Dear Dr. Meier,

Thank you very much for submitting your manuscript "Cytomegalovirus Late Transcription Factor Target Sequence Diversity Orchestrates Viral Early to Late Transcription" for consideration at PLOS Pathogens. As with all papers reviewed by the journal, your manuscript was reviewed by members of the editorial board and by several independent reviewers. The reviewers appreciated the attention to an important topic and concluded that the study was well controlled and conducted to a high technical standard. Based on the reviews, we are likely to accept this manuscript for publication, providing that you modify the manuscript according to the review recommendations.

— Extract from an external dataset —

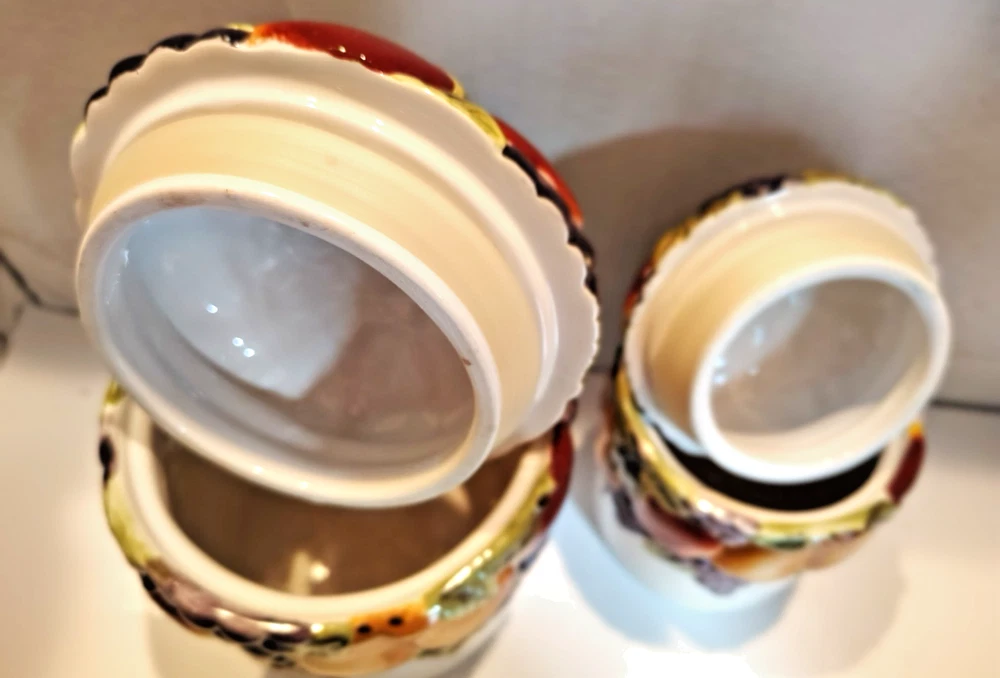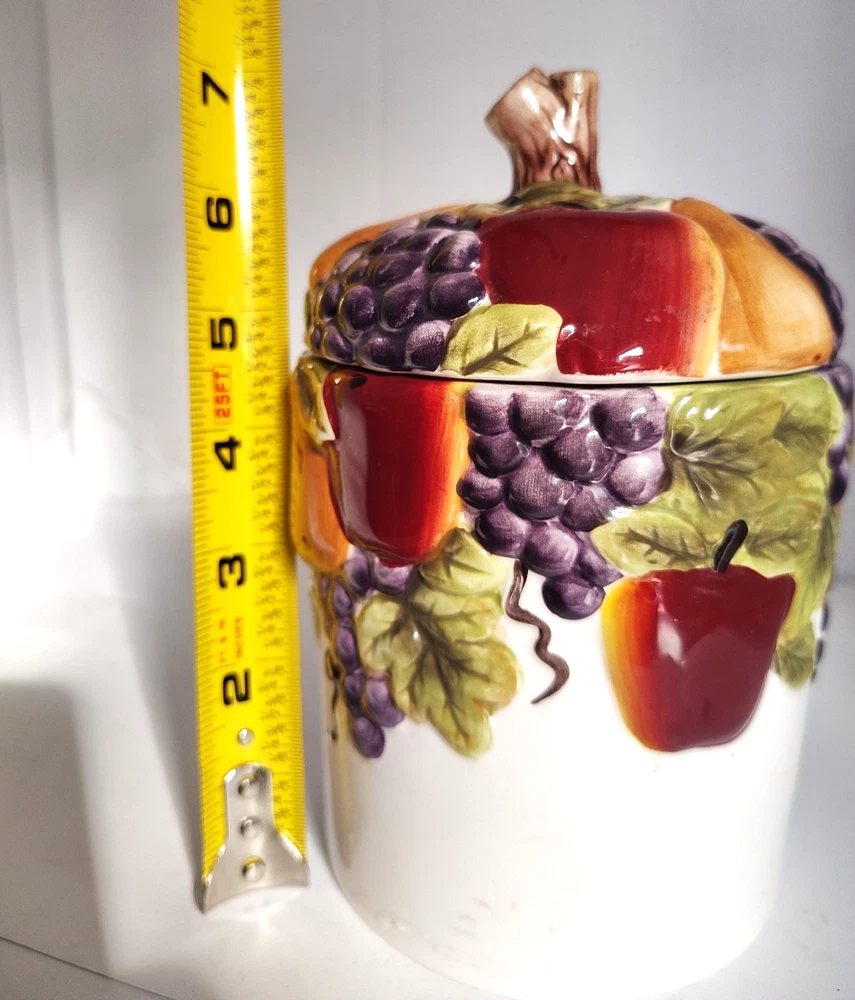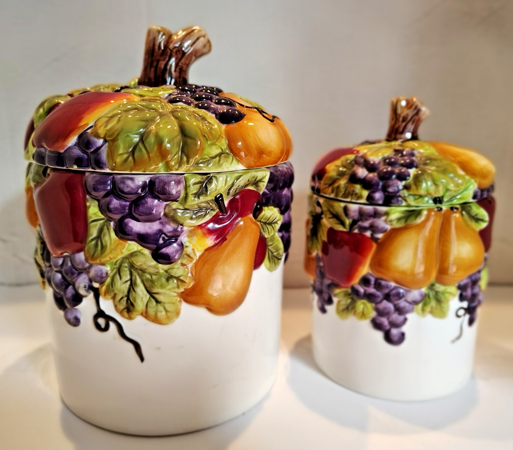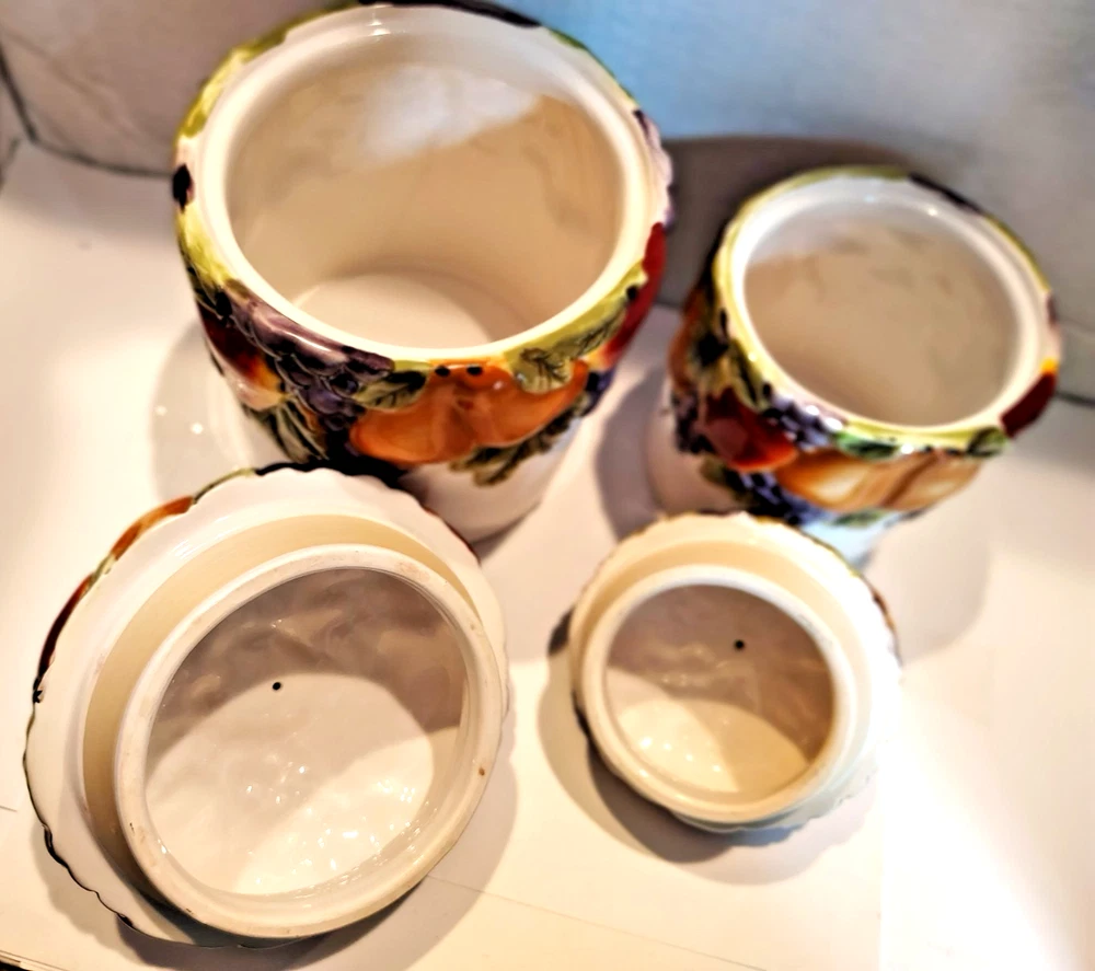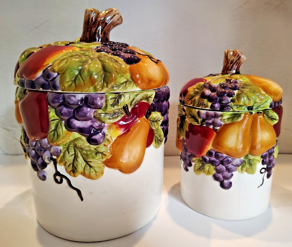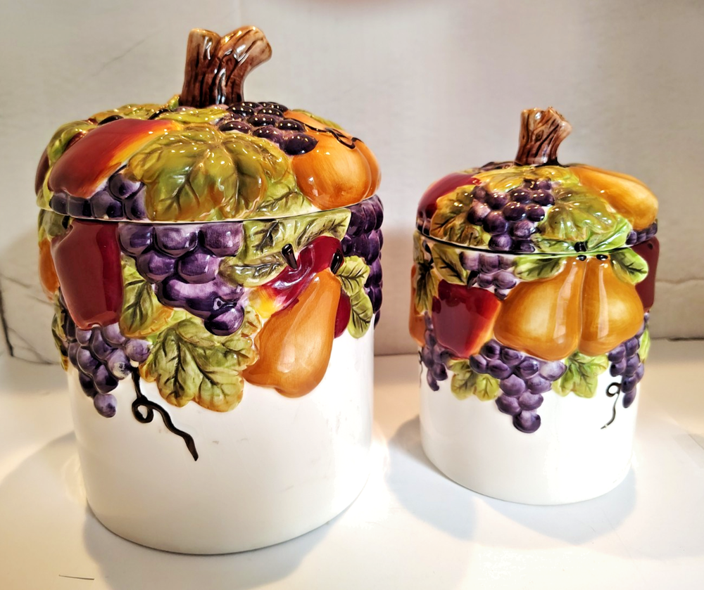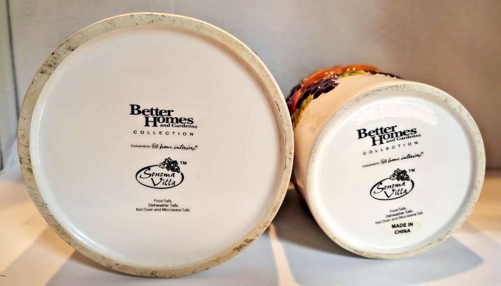 This is a set of two Better Homes and Garden canisters by Sonoma Villla. The larger canister is approximately 8.5" tall and the smaller canister is approximately 7" tall. Please look at the photos to see how the measurements were taken. There are no chips or cracks and the seals on the canisters are intact and in good shape. If you have any questions please let me know. Thank you for looking.

Based on my evaluation of the reviews, I do not think that additional wet lab experiments are needed. Rather, the primary critiques center on clarifying some of your conclusions and inclusion of some additional analyses of your sequencing data. In particular, please address the following points brought up by reviewers 1 & 3:

-Describe any differences in TSR usage between the Towne and TB40/E strains, as these may inform future comparative studies between these strains.

-Provide a figure in which you directly compare the number of LTF ChIP-Seq reads with TSR strength across the viral genome in order to more convincingly address the point that individual promoter-level LTF-driven transcription correlates with the intensity of LTF ChIP-Seq peak reads at the promoter.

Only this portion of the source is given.